Mayra Hernandez, a community solutions advocate for the nonprofit Community Water Center who was part of Thursday’s visit to Moss Landing by state water officials, said long-term solutions will need to be found through collaboration between multiple interests, especially for funding the consolidation of these rural communities with larger water systems with the capabilities to remove contaminants.

She noted 2019 legislation known as the “Safer Fund” which will provide $1.4 billion over 10 years. The fund, called Safe and Affordable Funding for Equity and Resilience, or SAFER, targets disadvantaged communities struggling with contamination issues. The Moss Landing community, with about 80 connections, is one of 210 statewide that is on the radar for consolidation funding with larger water systems.

Brandon Bollinger of the Community Water Center explains a pilot filtration system to state Water Quality Board officials Thursday.  (Dennis Taylor - Monterey Herald correspondent)
Brandon Bollinger of the Community Water Center explains a pilot filtration system to state Water Quality Board officials Thursday. (Dennis Taylor — Monterey Herald correspondent)

“Now it’s about making sure that those funds go first to the communities that need them,” she said. “Ten years of human right to water legislation, but we’re still not there. We need safe, clean, affordable and accessible water for everyone. We are working alongside community leaders to make these projects a reality, and we look forward to working with stakeholders to streamline processes to implement solutions as soon as possible. »

Fifteen minutes north of Garcia’s house, on a steep, unnamed road climbing into the hills east of the town of Las Lomas – a community of about 4,000 people 7 miles northwest of Prunedale – are houses with worn wooden fences covered in chicken wire and an occasional sleeping dog on a dirt driveway.

On Thursday, Roberto Ramirez and neighbor Enrique Sorano stood on Ramirez’s driveway describing the challenges they face with contaminants. Although excess nitrate is found in many rural areas of northern Monterey County, there are a number of others that pose a threat to human health.
Natural heavy metals such as chromium 6, known to cause cancer, and arsenic, also a known carcinogen, are present in the water from Ramirez Sorano’s well. Many families in this area receive emergency bottled water. And if those contaminants weren’t enough, some of the wells are testing for excessive levels of a compound called 1,2,3,-Trichloropropane, or TCP for short. It is found in industrial waste sites and, more relevant in Monterey County, in agricultural pesticides.

Ramirez led the group around the side of his property past more than a dozen crowing roosters to a series of tanks and drains. Brandon Bollinger, the community advocacy manager for the Community Water Center, told Firestone and Maguire that the filtration system is part of a pilot program to help residents.
Bollinger said many rural residents served by his nonprofit don’t know what’s in their water. They may have heard that well water is not safe to drink, but in the past they knew little about what was in it or what effects it might have on health.

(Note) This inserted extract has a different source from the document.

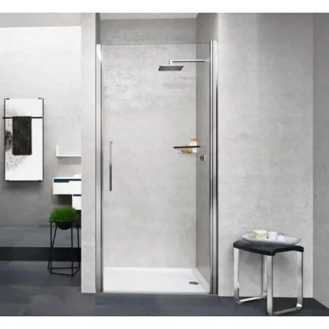 Description Pour installation en niche ou en angle (associé à 1 paroi fixe).Ouverture intérieure/extérieure.Profilés aluminium silver.Verre transparent 6 mm sécurit Crystal Clear traité anti-calcaire.Charnières relevables.Poignée métallique chromée.Réversible.
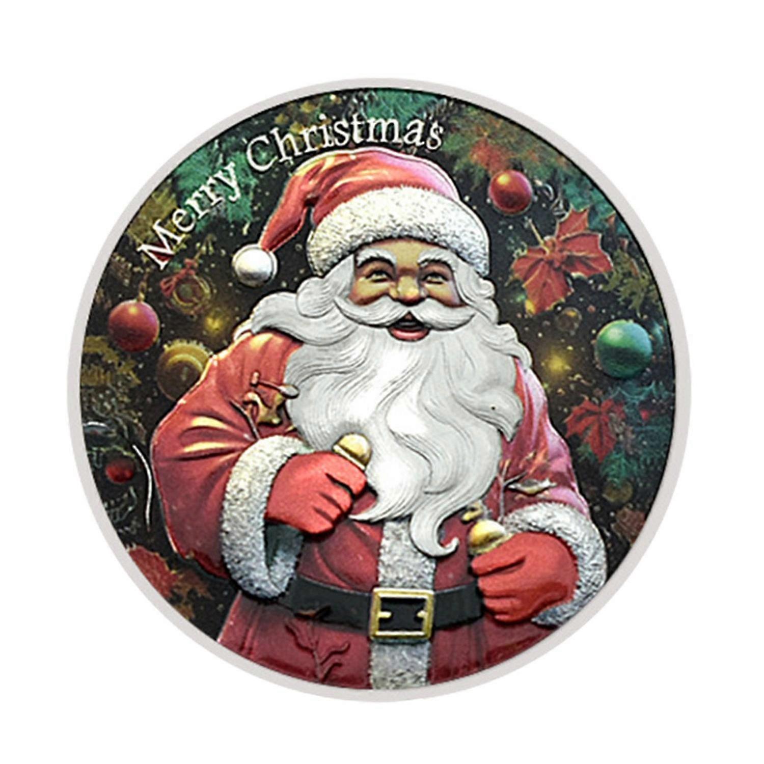 Merry Christmas Santa Claus Coin Double-sided Carved Metal Commemorative Medal Medallion Round

“That’s one of the things we stepped in to do,” he said.

Testing has been essential in identifying unsafe well water. Matt Keeling, chief executive of the Central Coast Regional Water Quality Control Board, was one of the first to develop a well testing program for rural areas.

Its regional council is responsible for enforcement of water contamination issues. But it can be complicated. “Dumpers,” as he calls polluters, can be difficult to identify because it is extremely difficult to find a specific agricultural producer when runoff enters larger bodies of water or seeps into aquifers. Part of the cost of short-term and long-term solutions comes from the agricultural industry.